## AIM OF THE EXERCISE
With the pictures left out, print exactly the lines below that run from the one containing "Проектируя балийский отель" through the one containing "世界主要鈾礦的開采方式包括三".

• • • • •

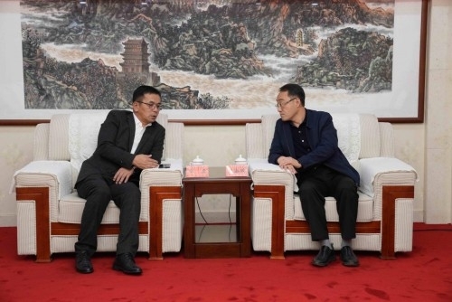 图:运城市副市长刁海鹏(右)、辛选公益负责人辛库(左)参加座谈会和捐赠仪式
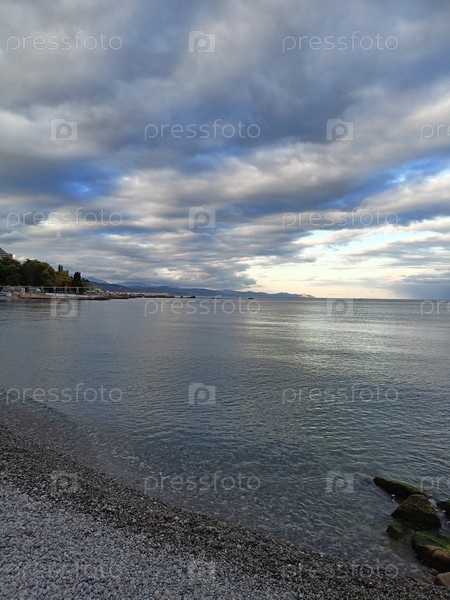 Спокойное море и галечный пляж под драматическими вечерними облаками
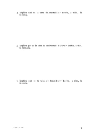 3. Explica què és la taxa de natalitat? Escriu, a més, la fórmula.
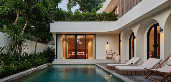Проектируя балийский отель в районе Бингина, на участке с тиковой рощей и пятиметровыми перепадами, архитекторы Lyvin Properties сохранили и деревья, и природный рельеф. Местные материалы, спокойные и плавные линии, нивелирование границ между домом и садом настраивают на созерцательный отдых и полное погружение в окружающий ландшафт.
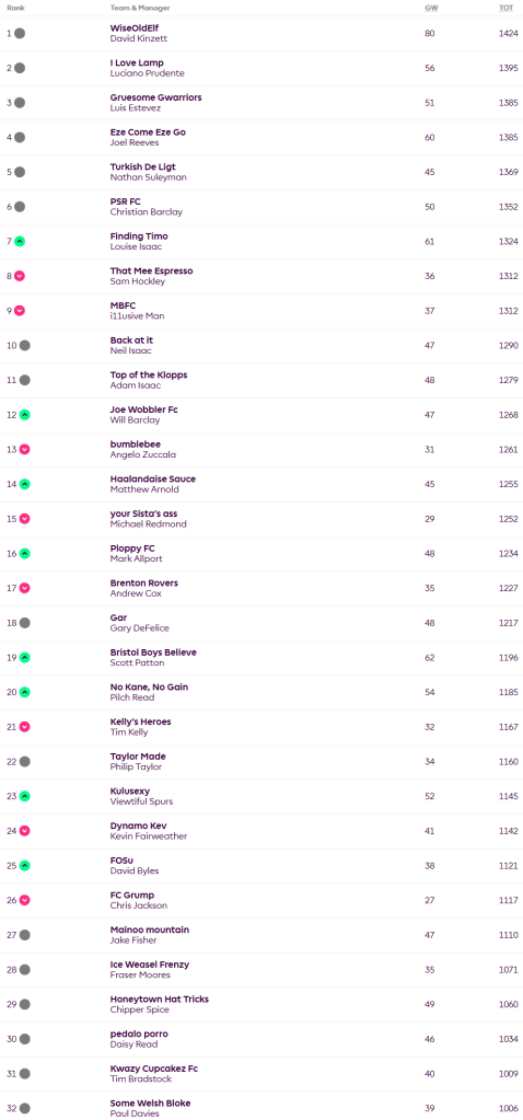 With many of the traditional big hitters failing to return, the average score was only 46 points which makes David’s 80 point haul to extend his lead at the top look even more impressive. David played his Bench Boost and made a great move by playing Chris Wood as captain as he scored and assisted, the triple up on Crystal Palace paid dividends as Dean Henderson and Daniel Munoz both kept clean sheets and Jean-Phillipe Mateta scored twice, Lewis Hall grabbed an assist and Virgil Van Dijk also kept a clean sheet to round off the scoring. Second placed Luciano could only manage 56 points, he also had Henderson, Hall, Munoz and Wood but chose to captain Alexander Isak who failed to deliver for the first time in nine games, fortunately for Luciano he also had Antonee Robinson and Bruno Fernandes that chipped in with some decent points. Luis sits third still also having Wood and Robinson, he captained Cole Palmer as he blanked but got nice hauls from Trent Alexander-Arnold and Ola Aina.
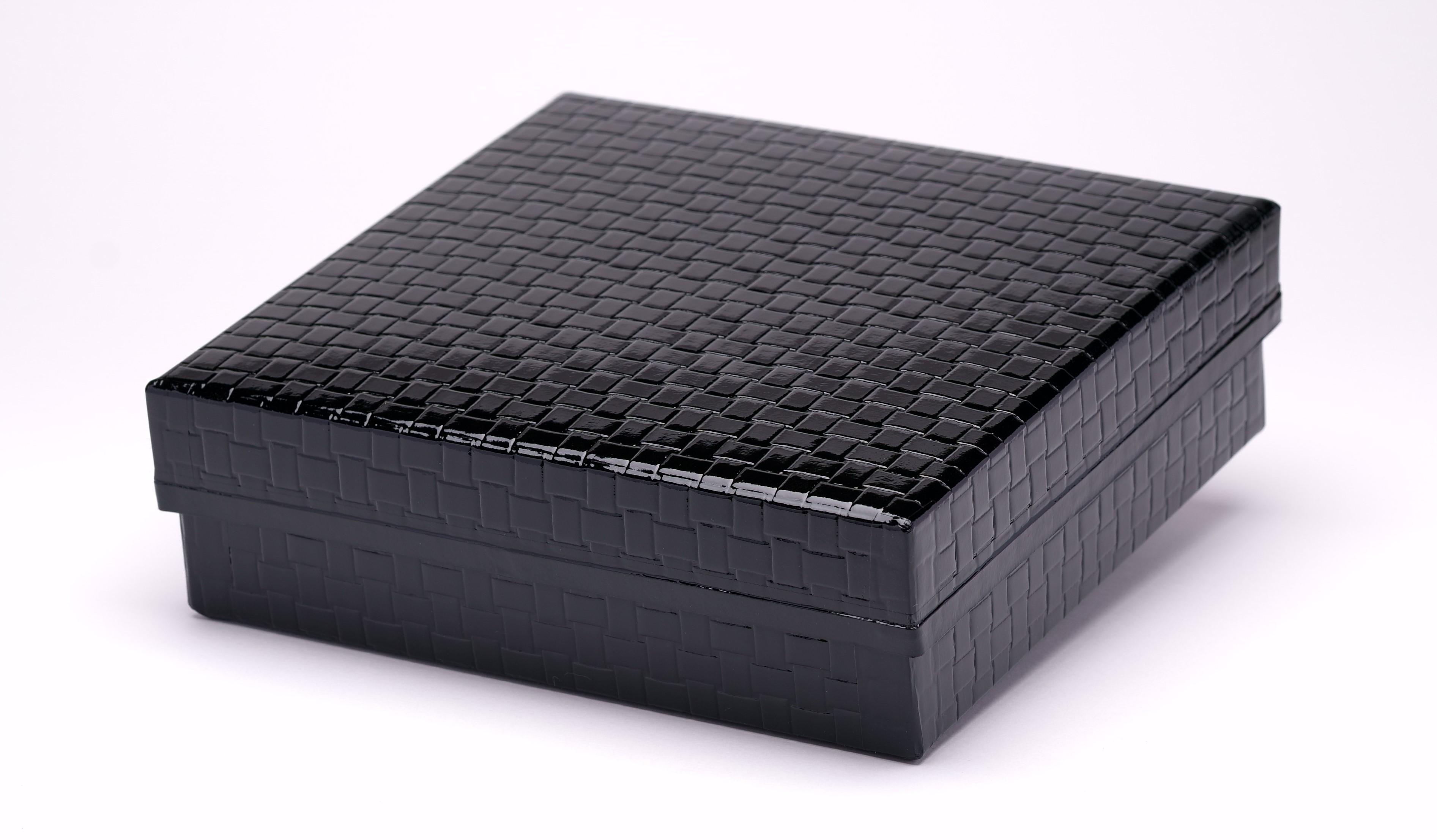 網代(あじろ)模様で仕上げた紀州塗箱は、丈夫なので末長く趣を楽しんでいただけます。梅干を取り出した後、黒く艶めく網代模様の個性的なデザインがお部屋のインテリアの一つとして映え、裁縫道具入れや文箱など小物入れとしてご利用いただけます。外箱だけでなく内箱(木箱)の蓋にも紀州塗りが施されています。
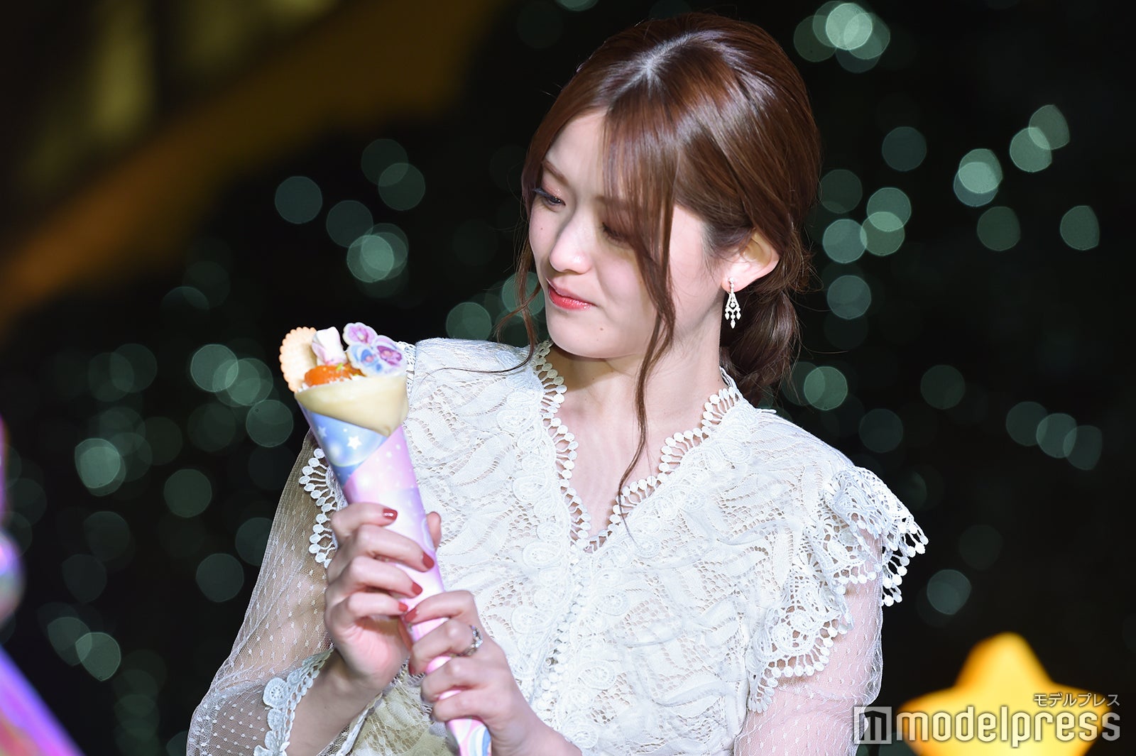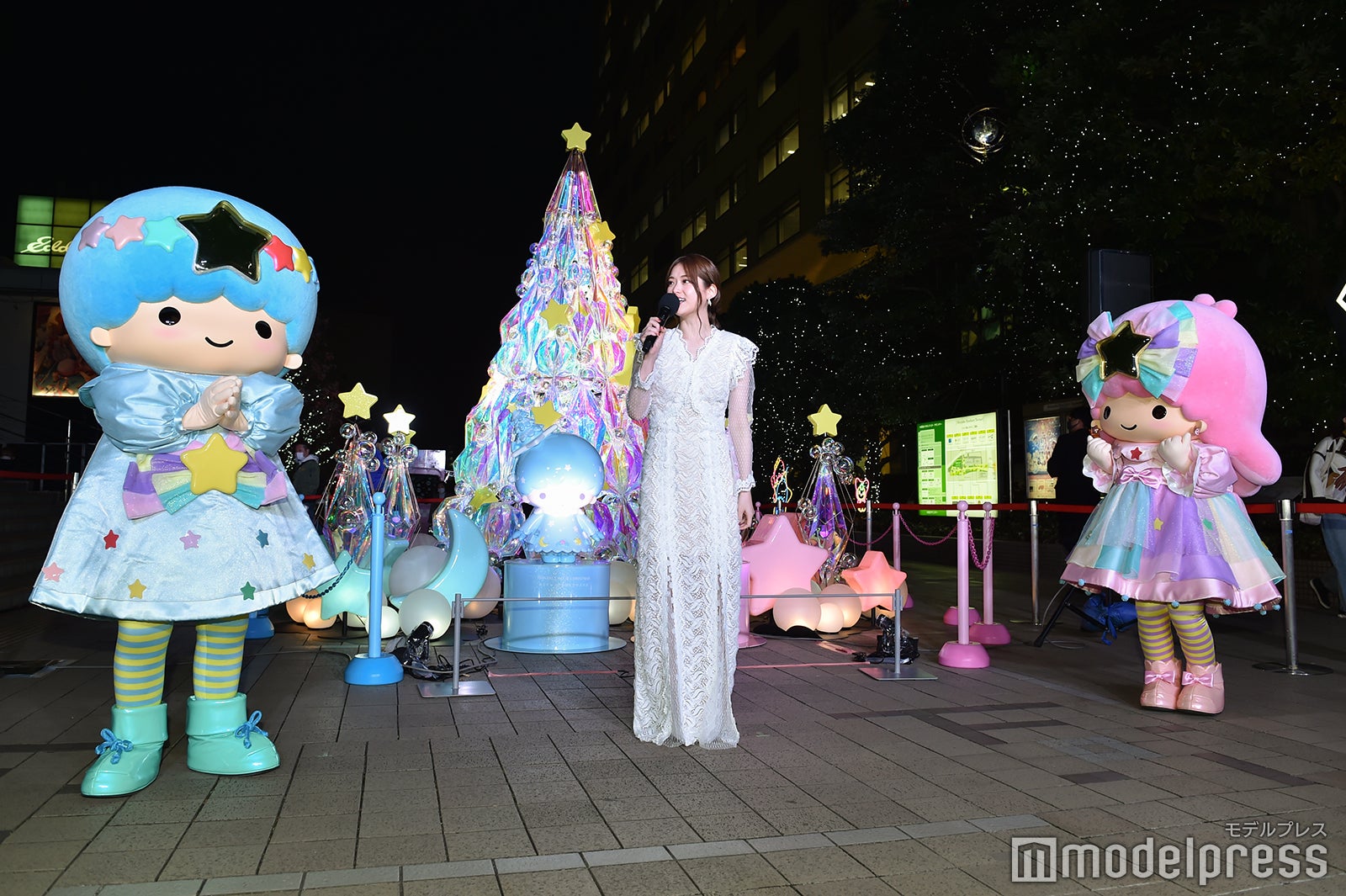松村沙友理、スリット入りエレガントな白ドレスで点灯式 “昔から大好き” キキ&ララと初共演で興奮
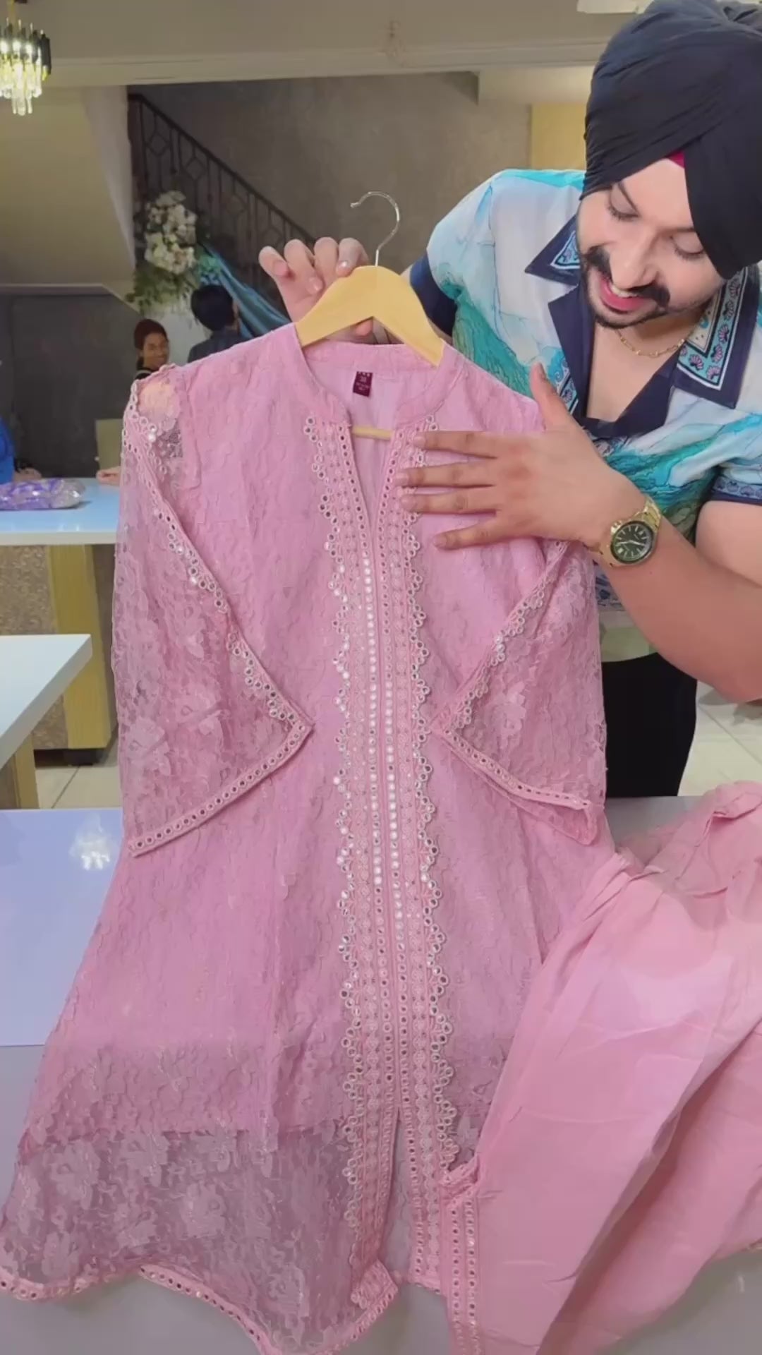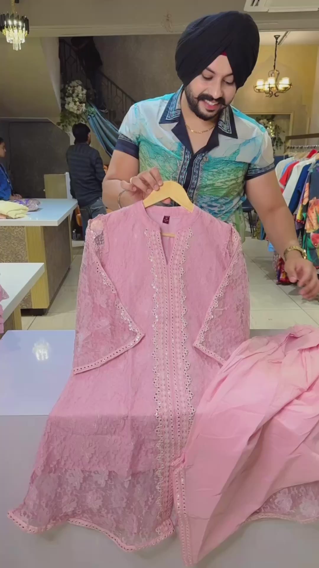 Pastel pink Crochet Lace Embroidered Dhoti Coord set
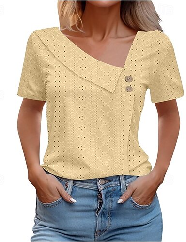 Mujer Camisa Camisa de punto Parte superior con ojales Blusa Encaje Plano Elegante Básico Clásico Manga Corta Escote en Pico Tops regulares Casual Diario Playa Blanco Verano Primavera
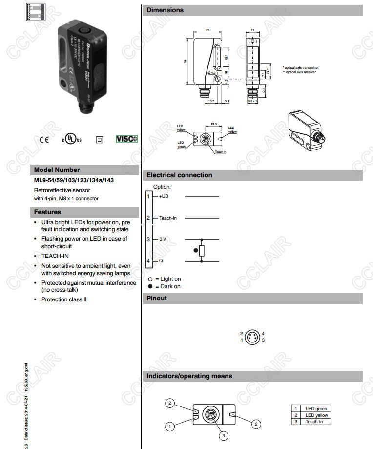 ML9-54/59/103/123/134a/143,ML9-54/59/103/123/143,反射板型傳感器
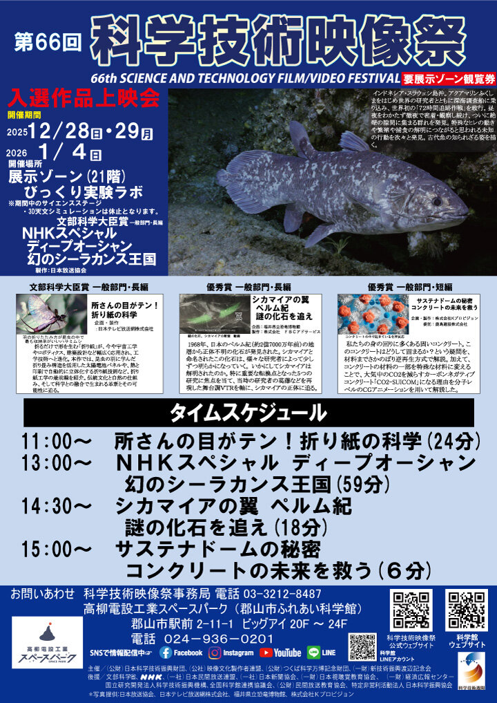 「第66回 科学技術映像祭」で入選した科学映像作品を上映します。
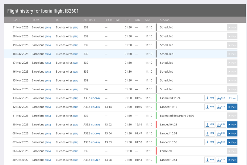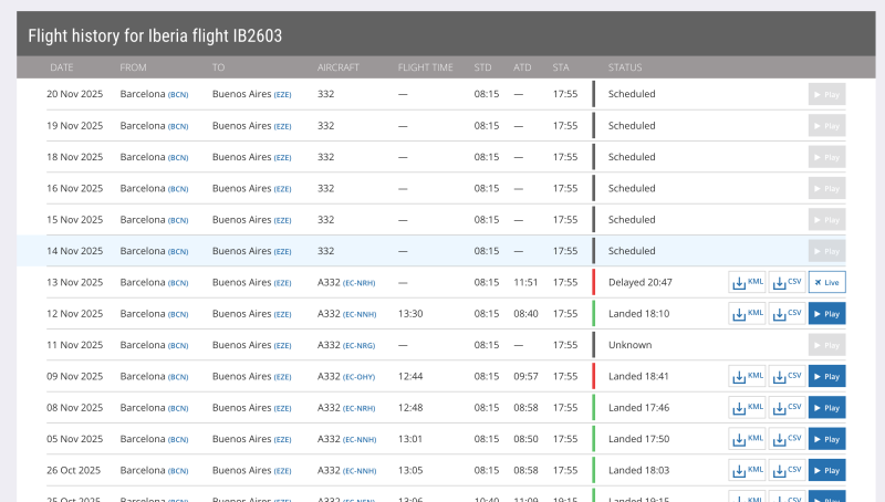 Pero ahí veo en el IB2603 que aparece sin info el vuelo del 11 de noviembre, que estimo es el de los pasajeros afectados que yo vi
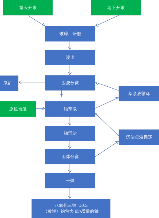 世界主要鈾礦的開采方式包括三種:原位地浸開采,露天開采及地下開采。世界約48%的天然鈾通過原位地浸開采生產出來,46%來自于常規開采方法(露天開采及地下開采)生產出來,6%作為其他礦產品副產品采出。
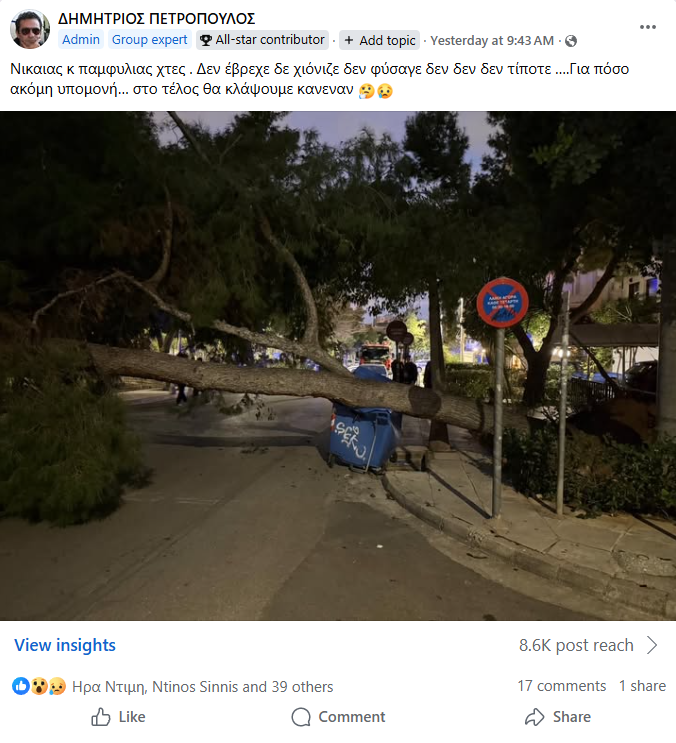 Δεν είναι θέμα “γκαντεμιάς”, είναι θέμα προτεραιοτήτων: αν προηγούνται οι φιέστες, οι φωτογραφίες, οι δημόσιες σχέσεις, και έπονται οι έλεγχοι, τα συνεργεία και οι δύσκολες αποφάσεις, τότε τα δέντρα θα συνεχίσουν να πέφτουν – και μαζί τους θα πέφτει και η εμπιστοσύνη των πολιτών.
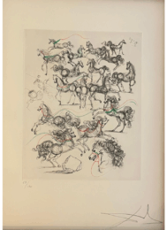 Changes in Great Masterpieces was only one of Dalí’s outstanding creations during the 1970s. In the suites Moses and Monotheism, Imagination and Objects of the Future, and Alchemy of The Philosophers, he produced some magnificent artwork. His two four-piece “puzzles,” The Rejuvenation of Time and The Puzzle of Life, are his largest lithographs. Ten Recipes of Immortality, a collection of three dimensional “pop-up” prints, is an example of how he expanded the scope of his graphic works into the third dimension. Although the 1960s may have been Dalí’s most productive decade, the 1970s appear to have been his most inventive and creative years as he explored new concepts and pushed himself even farther.

• • • • •

## ANSWER AREA
Проектируя балийский отель в районе Бингина, на участке с тиковой рощей и пятиметровыми перепадами, архитекторы Lyvin Properties сохранили и деревья, и природный рельеф. Местные материалы, спокойные и плавные линии, нивелирование границ между домом и садом настраивают на созерцательный отдых и полное погружение в окружающий ландшафт.
 With many of the traditional big hitters failing to return, the average score was only 46 points which makes David’s 80 point haul to extend his lead at the top look even more impressive. David played his Bench Boost and made a great move by playing Chris Wood as captain as he scored and assisted, the triple up on Crystal Palace paid dividends as Dean Henderson and Daniel Munoz both kept clean sheets and Jean-Phillipe Mateta scored twice, Lewis Hall grabbed an assist and Virgil Van Dijk also kept a clean sheet to round off the scoring. Second placed Luciano could only manage 56 points, he also had Henderson, Hall, Munoz and Wood but chose to captain Alexander Isak who failed to deliver for the first time in nine games, fortunately for Luciano he also had Antonee Robinson and Bruno Fernandes that chipped in with some decent points. Luis sits third still also having Wood and Robinson, he captained Cole Palmer as he blanked but got nice hauls from Trent Alexander-Arnold and Ola Aina.
 網代(あじろ)模様で仕上げた紀州塗箱は、丈夫なので末長く趣を楽しんでいただけます。梅干を取り出した後、黒く艶めく網代模様の個性的なデザインがお部屋のインテリアの一つとして映え、裁縫道具入れや文箱など小物入れとしてご利用いただけます。外箱だけでなく内箱(木箱)の蓋にも紀州塗りが施されています。
松村沙友理、スリット入りエレガントな白ドレスで点灯式 “昔から大好き” キキ&ララと初共演で興奮
 Pastel pink Crochet Lace Embroidered Dhoti Coord set
 Mujer Camisa Camisa de punto Parte superior con ojales Blusa Encaje Plano Elegante Básico Clásico Manga Corta Escote en Pico Tops regulares Casual Diario Playa Blanco Verano Primavera
 ML9-54/59/103/123/134a/143,ML9-54/59/103/123/143,反射板型傳感器
 「第66回 科学技術映像祭」で入選した科学映像作品を上映します。
 Pero ahí veo en el IB2603 que aparece sin info el vuelo del 11 de noviembre, que estimo es el de los pasajeros afectados que yo vi
 世界主要鈾礦的開采方式包括三種:原位地浸開采,露天開采及地下開采。世界約48%的天然鈾通過原位地浸開采生產出來,46%來自于常規開采方法(露天開采及地下開采)生產出來,6%作為其他礦產品副產品采出。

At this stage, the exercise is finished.